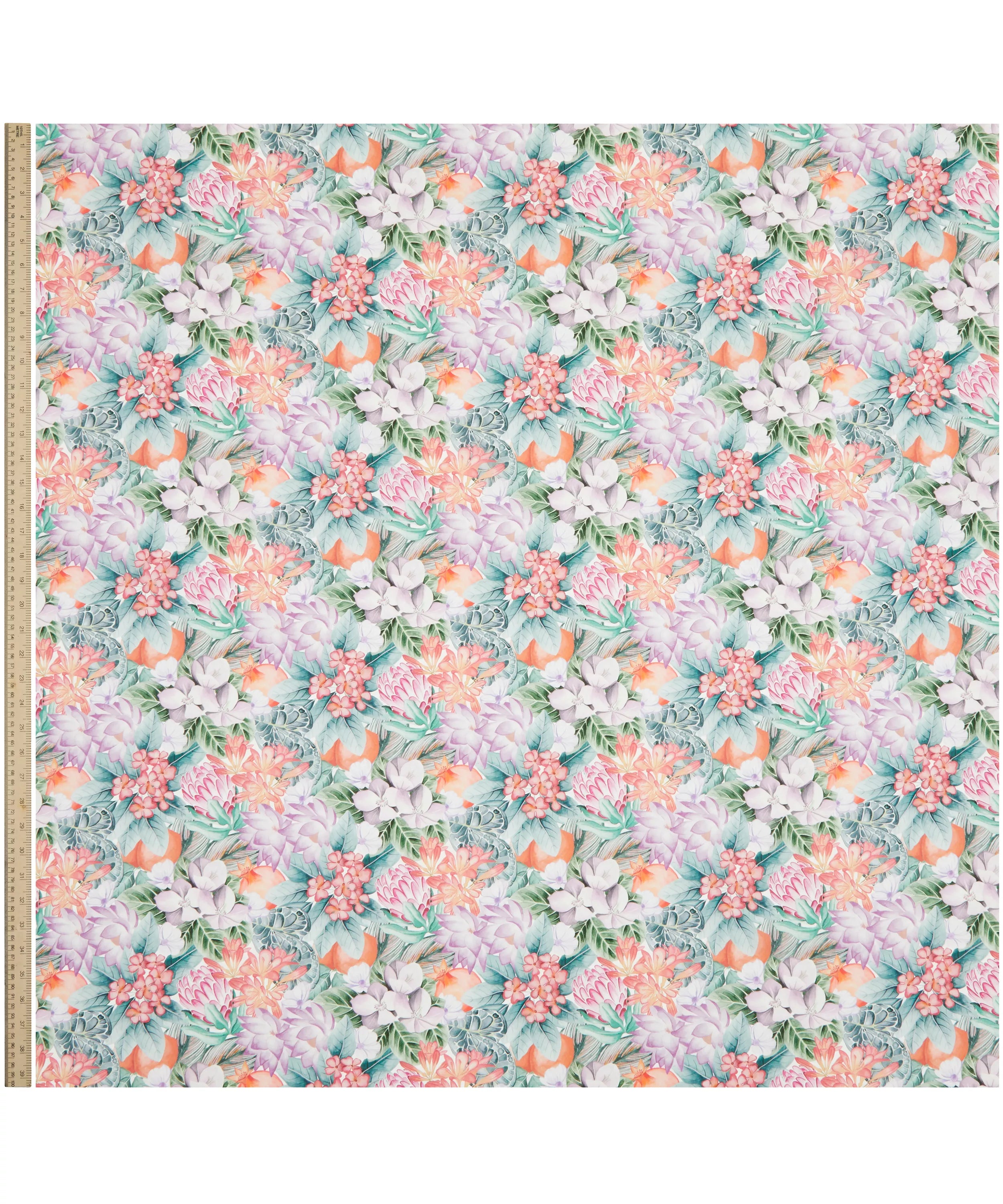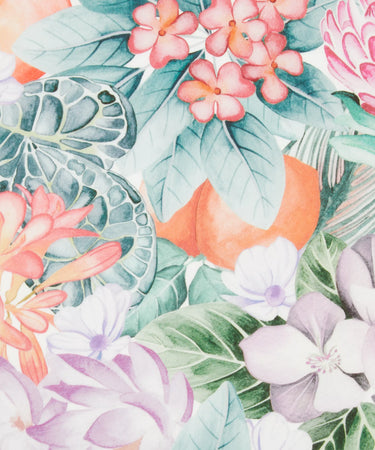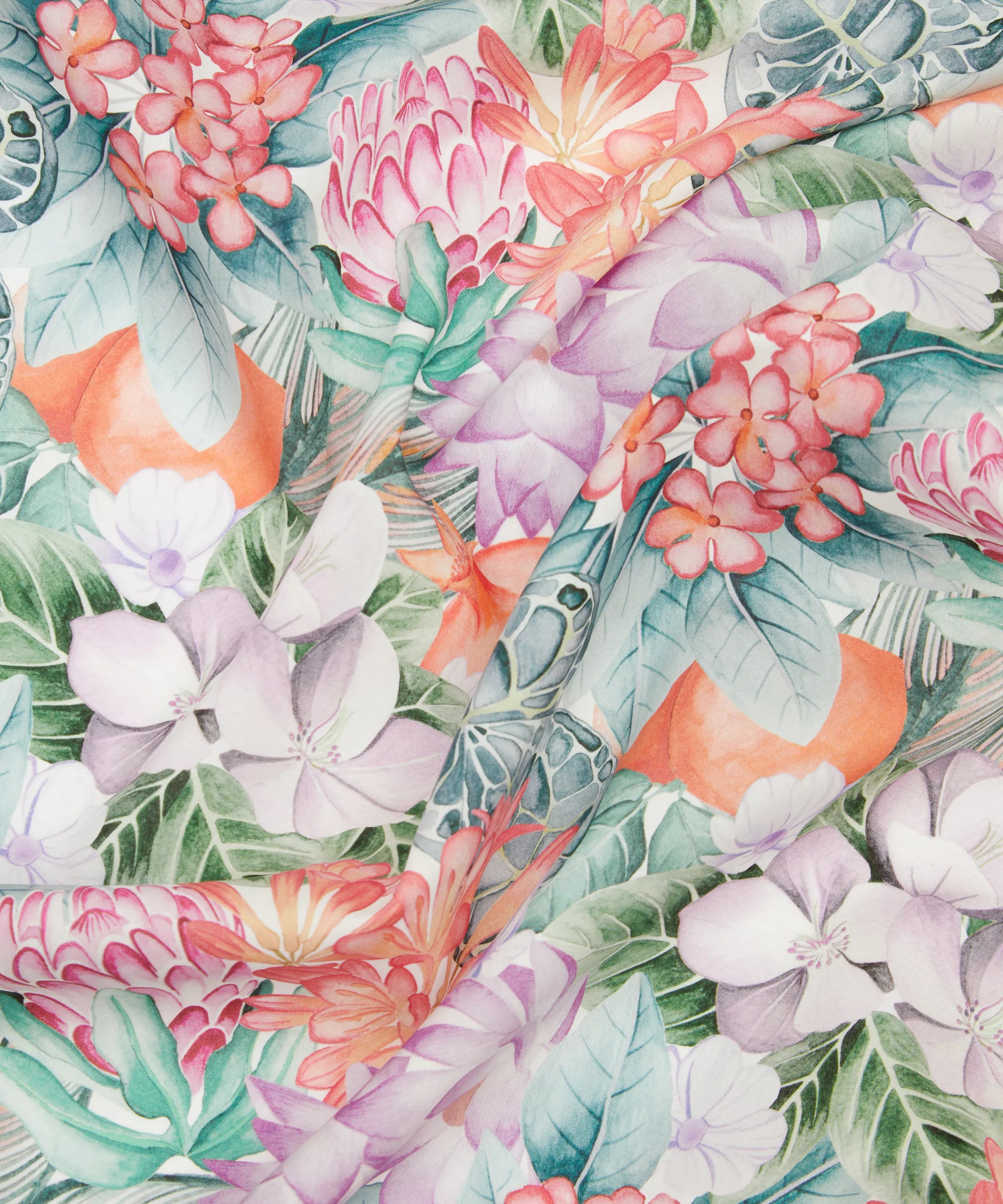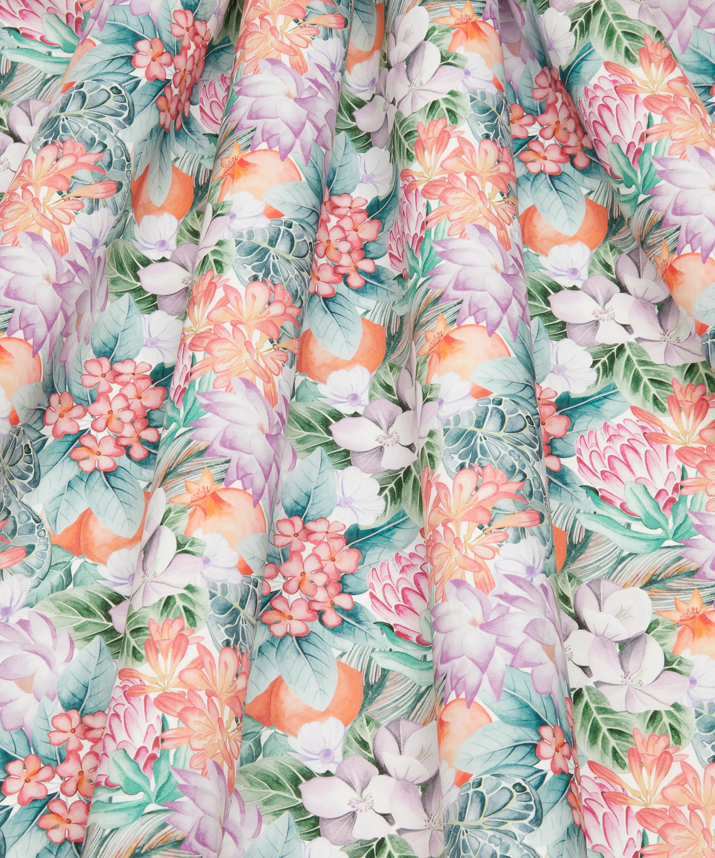 Poppy and Freddie was inspired by the extravagant costumes worn by Josephine Baker, a world-renowned performer, World War II spy, and activist. Hand-painted in the Liberty design studio using layers of watercolour, this tropical floral print showcases zesty fruits like pomegranates and lemons, alongside waterlilies and protea blooms, all nestled within dense foliage.
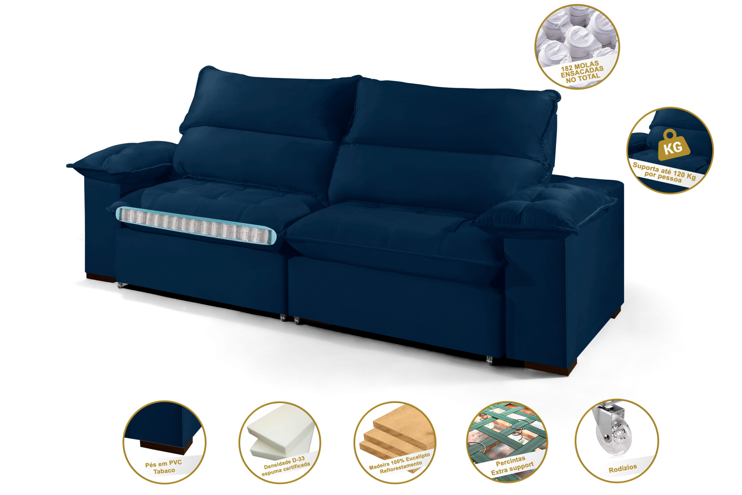 • Assento retrátil em espuma D-33, sustentação com cintas elásticas de alta resistência, molas ensacadas, corrediças metálicas tubulares com pillow de 20 cm.
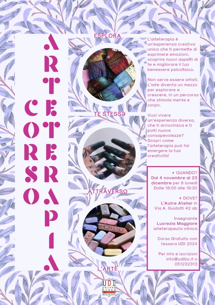 Vi aspettiamo dal 4 novembre (per 8 lunedì), dalle ore 18 alle 19.30, presso L’Autre Atelier (Via Guidotti 42 ab, Bologna) per il nuovo corso di Arte-Terapia!
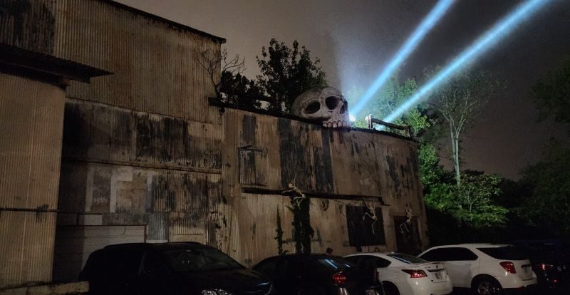As we drove through the night, at about 5 miles out from our destination our group noticed something – two bright spotlights were sweeping through the air originating from the same point. “Could that be where we’re going?” we wondered, our excitement building. We were delighted to see that those two lights did indeed lead us straight to the haunt. Even without the bright lights, GPS was able to lead us straight to their large gravel lot for parking. We later discovered that if the gravel lot fills up, other lots are available, and a shuttle service is provided.
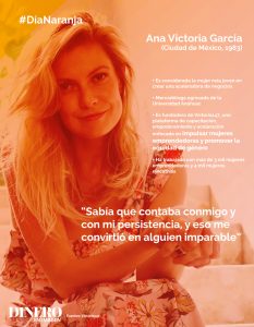 Ana Victoria García es Mercadóloga por la Universidad Anáhuac y en 2012 fundó Victoria147, una empresa dedicada a brindar herramientas a mujeres emprendedoras.
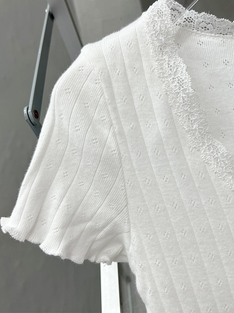 白色纯欲甜美蕾丝修身显瘦打底女夏季正肩短款内搭短袖T恤上衣ins
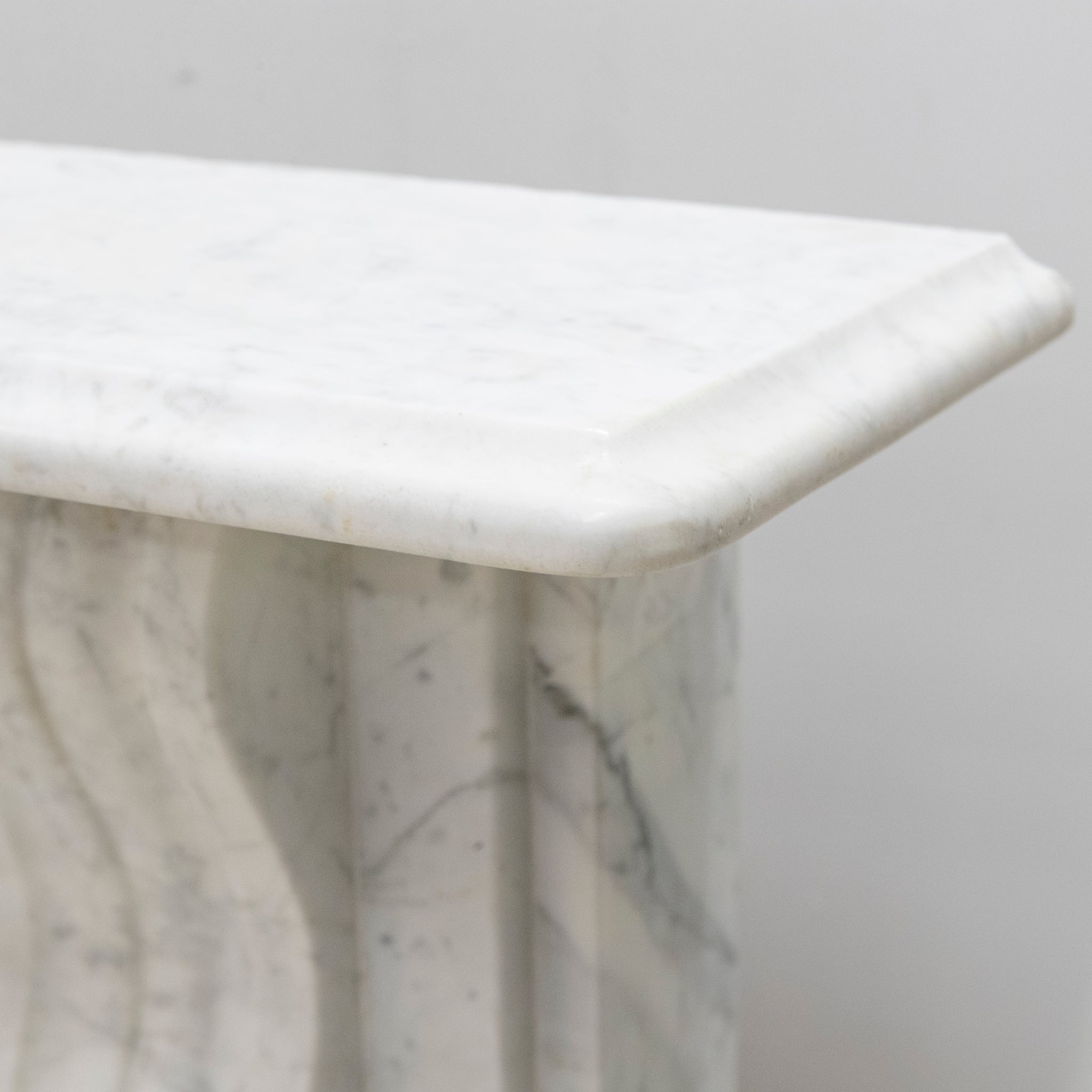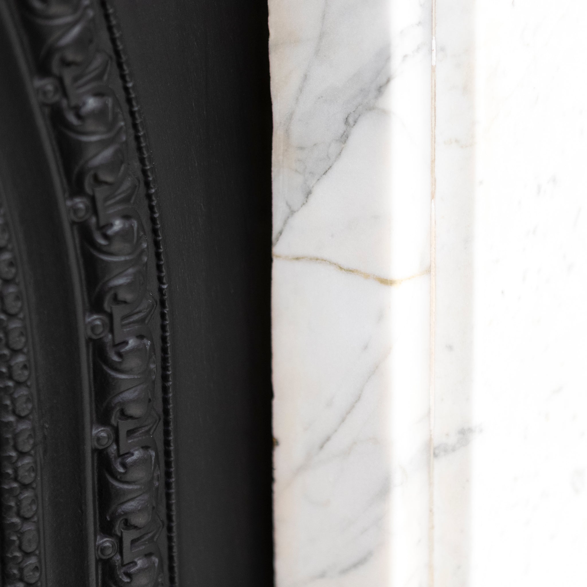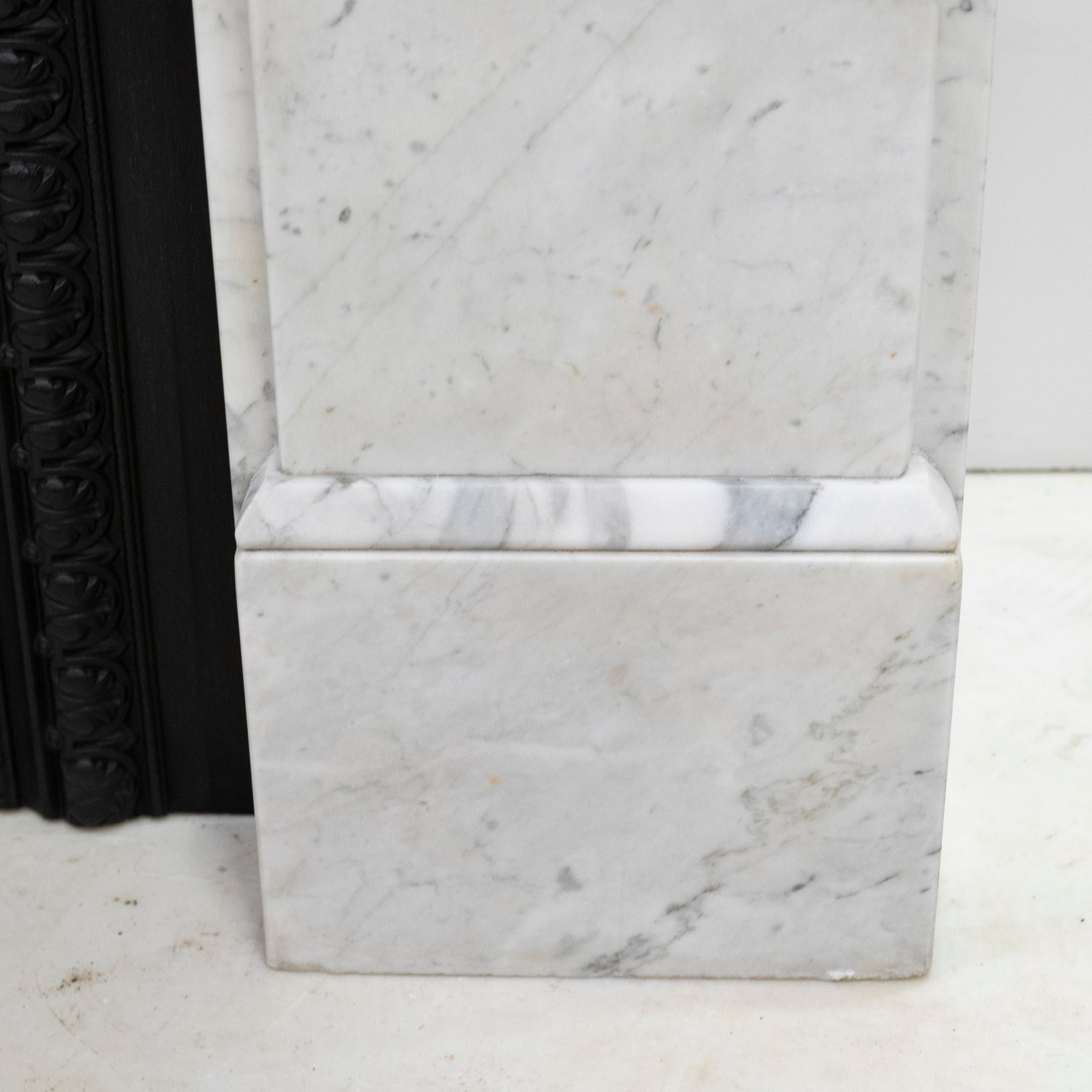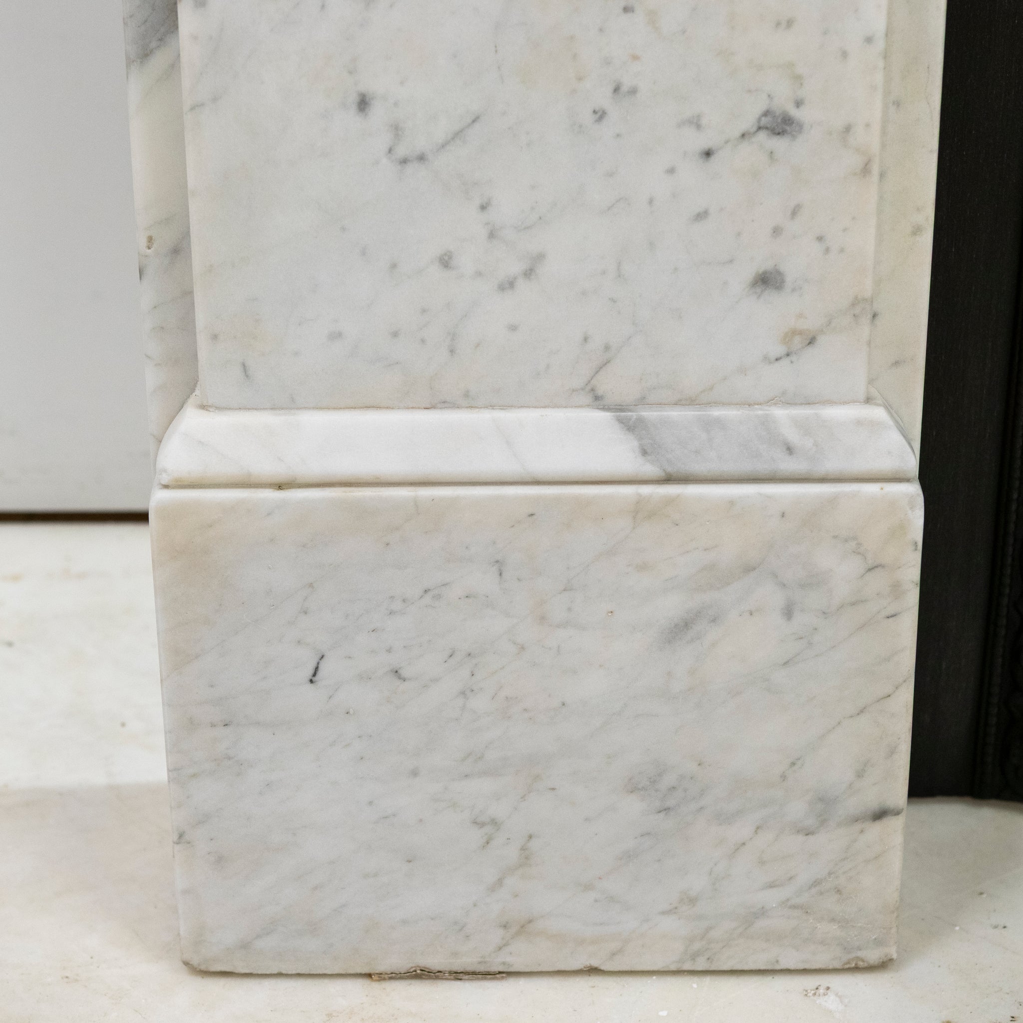 A 19th-century Italian Carrara marble fireplace surround with strong, well-judged proportions and finely carved corbels.

#### TASK GOAL
Your answer must be an exact copy of the lines from the line with "白色纯欲甜美蕾丝修身显瘦打底女夏季正肩短款内搭短袖T恤上衣ins" to the final line of the data, both ends included, and no pictures.

#### RESULT OF THIS EXERCISE
 白色纯欲甜美蕾丝修身显瘦打底女夏季正肩短款内搭短袖T恤上衣ins
 A 19th-century Italian Carrara marble fireplace surround with strong, well-judged proportions and finely carved corbels.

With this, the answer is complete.